● RECORDED INFORMATION
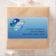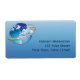 A professional address label with a blue globe and gold arrow circling it on blue background. Coordinating items available.
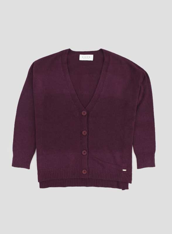 Cardigan firmato KAOS, morbido e avvolgente, con scollo a V e chiusura con bottoni tono su tono. Vestibilità comoda e stile raffinato.
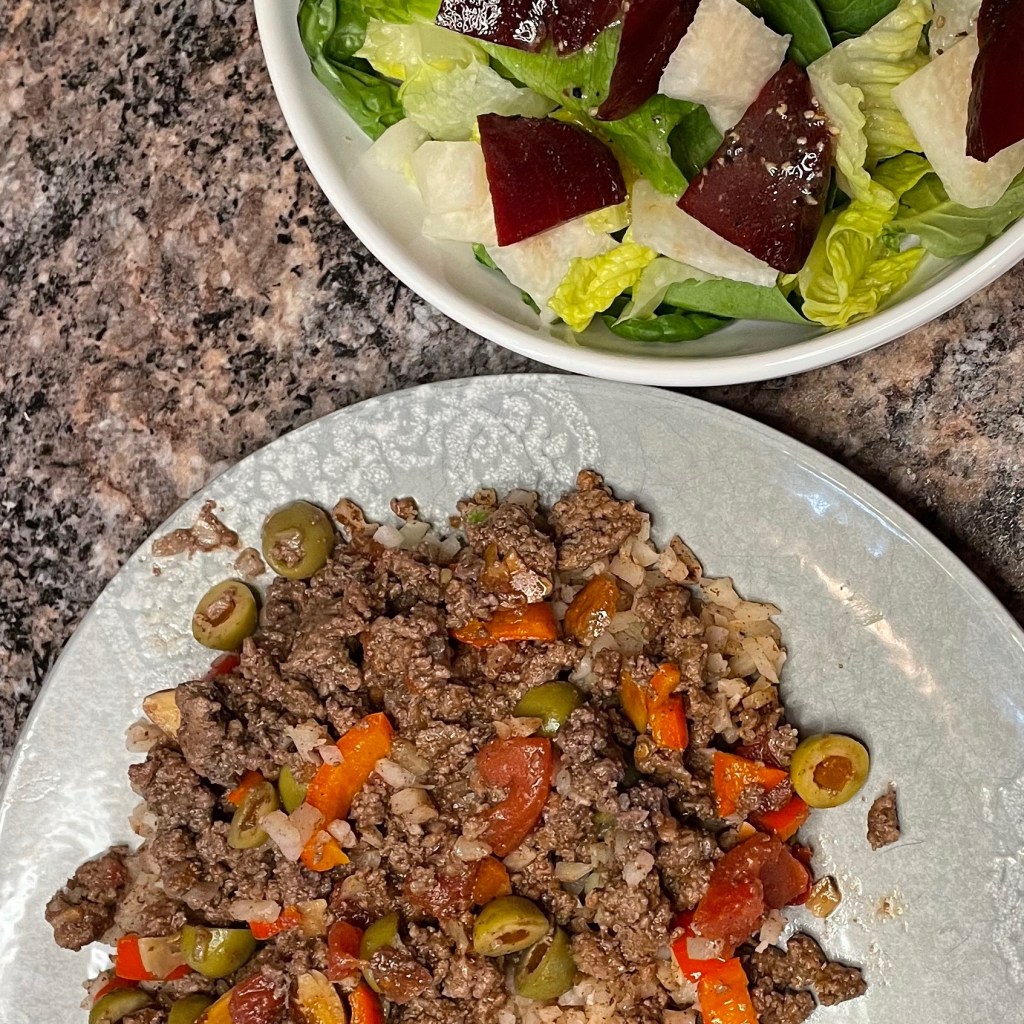 Microwave on bag of frozen cauliflower rice. This recipe makes 4 servings. One serving equals your full protein (4oz ground beef) and 7oz of your vegetables (4oz cauliflower rice and 3oz included veggies) add a 7oz salad and you have a complete BLE women’s weight loss portion dinner. Recipe to follow.
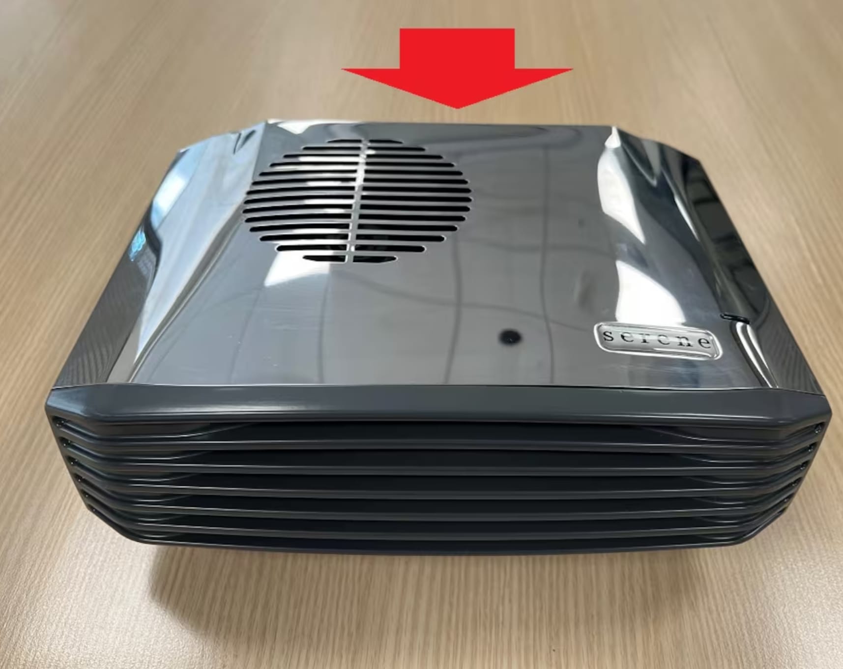 被禁用的型号为Serene S2068壁挂式浴室暖风机,带有拉绳开关,型号编号贴纸位于暖风机顶部。
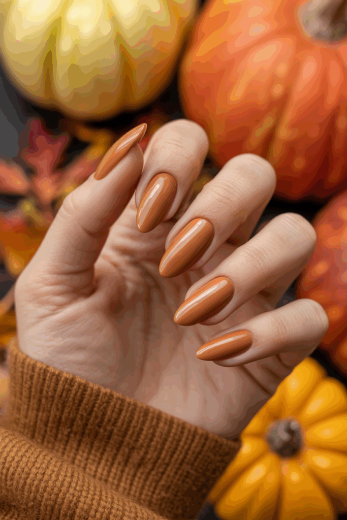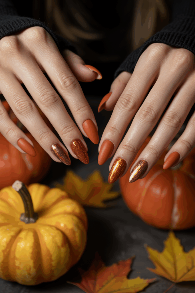 Pair glazed pumpkin nails with cozy sweaters or earthy-toned outfits for a playful seasonal touch. Adding gold or bronze accents can make the look even more polished.
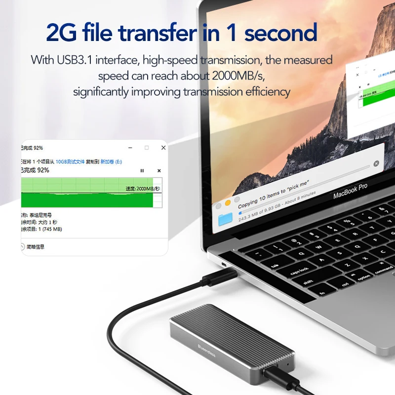 Solo es compatible con el protocolo NVME PCI-E clave M y clave M + B SSD, con cable tipo-c a USB 3,0 de 30 cm o cable tipo-c a usb3.0 de 30 cm y cable tipo-c a tipo-c, color gris.

● WHAT NEEDS TO BE DONE
Without the pictures, reproduce each line from the one containing "Cardigan firmato KAOS, morbido" through the last line of the material above, both of those lines included.

● SOLUTION FOR THIS TASK
 Cardigan firmato KAOS, morbido e avvolgente, con scollo a V e chiusura con bottoni tono su tono. Vestibilità comoda e stile raffinato.
 Microwave on bag of frozen cauliflower rice. This recipe makes 4 servings. One serving equals your full protein (4oz ground beef) and 7oz of your vegetables (4oz cauliflower rice and 3oz included veggies) add a 7oz salad and you have a complete BLE women’s weight loss portion dinner. Recipe to follow.
 被禁用的型号为Serene S2068壁挂式浴室暖风机,带有拉绳开关,型号编号贴纸位于暖风机顶部。
 Pair glazed pumpkin nails with cozy sweaters or earthy-toned outfits for a playful seasonal touch. Adding gold or bronze accents can make the look even more polished.
 Solo es compatible con el protocolo NVME PCI-E clave M y clave M + B SSD, con cable tipo-c a USB 3,0 de 30 cm o cable tipo-c a usb3.0 de 30 cm y cable tipo-c a tipo-c, color gris.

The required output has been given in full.